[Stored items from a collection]
------------------------

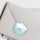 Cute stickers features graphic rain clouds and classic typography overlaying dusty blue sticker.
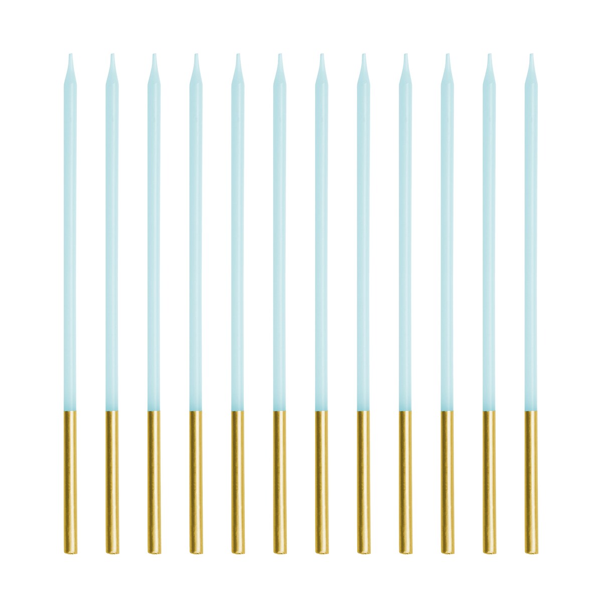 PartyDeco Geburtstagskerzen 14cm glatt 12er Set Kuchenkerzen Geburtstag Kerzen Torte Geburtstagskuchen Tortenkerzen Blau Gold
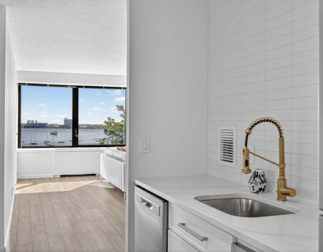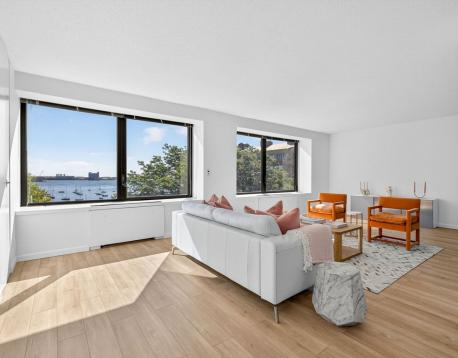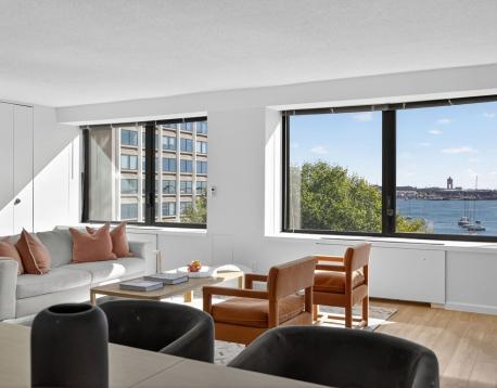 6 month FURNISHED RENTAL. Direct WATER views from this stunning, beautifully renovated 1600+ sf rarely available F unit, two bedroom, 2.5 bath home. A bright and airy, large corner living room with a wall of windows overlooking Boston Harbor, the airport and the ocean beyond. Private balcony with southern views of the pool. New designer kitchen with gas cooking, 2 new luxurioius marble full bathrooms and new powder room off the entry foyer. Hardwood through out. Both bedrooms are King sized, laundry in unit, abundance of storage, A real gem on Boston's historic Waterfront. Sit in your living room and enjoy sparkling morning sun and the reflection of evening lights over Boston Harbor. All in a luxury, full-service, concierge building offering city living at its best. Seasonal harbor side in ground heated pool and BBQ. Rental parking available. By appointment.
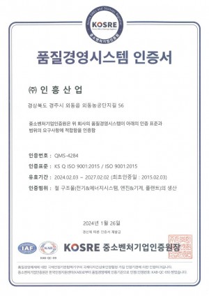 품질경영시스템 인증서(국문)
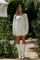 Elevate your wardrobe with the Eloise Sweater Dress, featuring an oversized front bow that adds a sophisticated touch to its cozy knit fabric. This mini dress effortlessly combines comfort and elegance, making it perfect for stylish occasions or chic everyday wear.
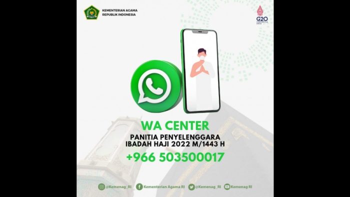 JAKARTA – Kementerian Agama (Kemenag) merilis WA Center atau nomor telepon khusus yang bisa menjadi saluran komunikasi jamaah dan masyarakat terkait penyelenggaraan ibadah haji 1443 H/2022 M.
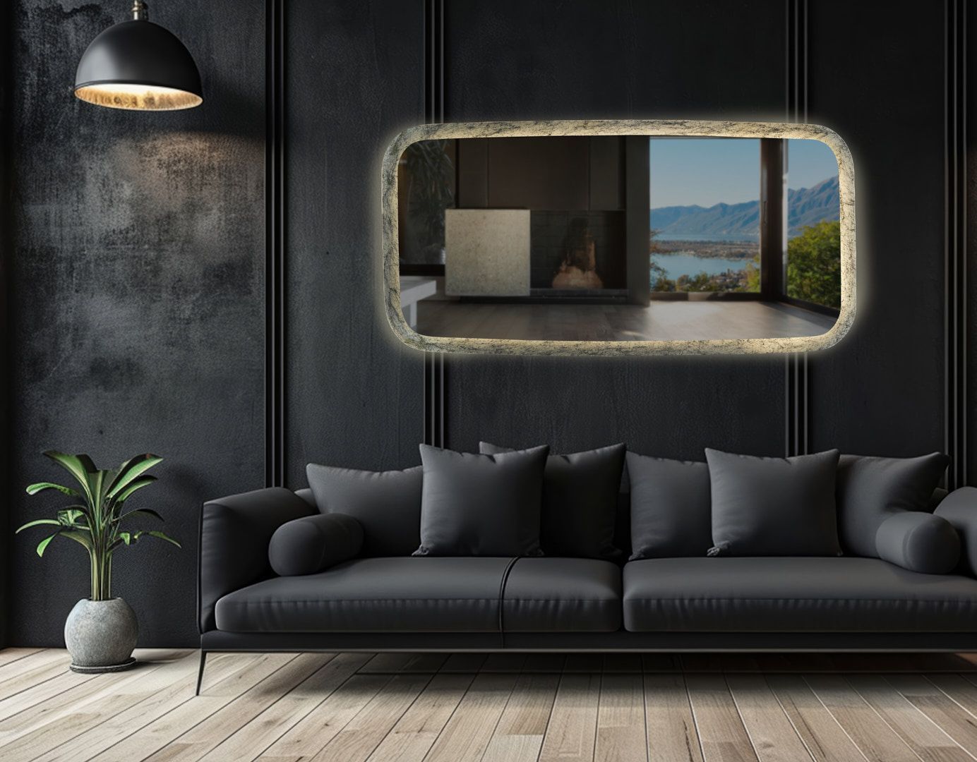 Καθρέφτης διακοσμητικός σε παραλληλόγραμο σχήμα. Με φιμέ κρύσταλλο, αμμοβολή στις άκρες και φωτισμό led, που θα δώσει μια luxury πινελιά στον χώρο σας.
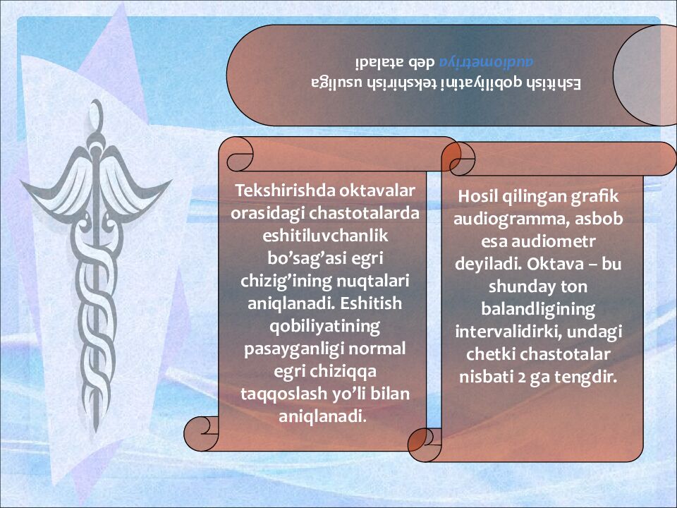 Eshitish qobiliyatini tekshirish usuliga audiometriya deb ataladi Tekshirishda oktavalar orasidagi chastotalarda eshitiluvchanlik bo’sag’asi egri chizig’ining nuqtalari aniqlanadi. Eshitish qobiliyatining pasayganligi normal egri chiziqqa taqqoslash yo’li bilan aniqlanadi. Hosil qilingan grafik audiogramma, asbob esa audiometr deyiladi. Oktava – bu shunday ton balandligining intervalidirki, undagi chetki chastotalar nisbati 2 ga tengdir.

------------------------

• **Description of the task**
Each line from the beginning of the entries up to and including the one containing "PartyDeco Geburtstagskerzen 14cm" must be restated exactly. Pictures are to be left out.

• **The answer**
 Cute stickers features graphic rain clouds and classic typography overlaying dusty blue sticker.
 PartyDeco Geburtstagskerzen 14cm glatt 12er Set Kuchenkerzen Geburtstag Kerzen Torte Geburtstagskuchen Tortenkerzen Blau Gold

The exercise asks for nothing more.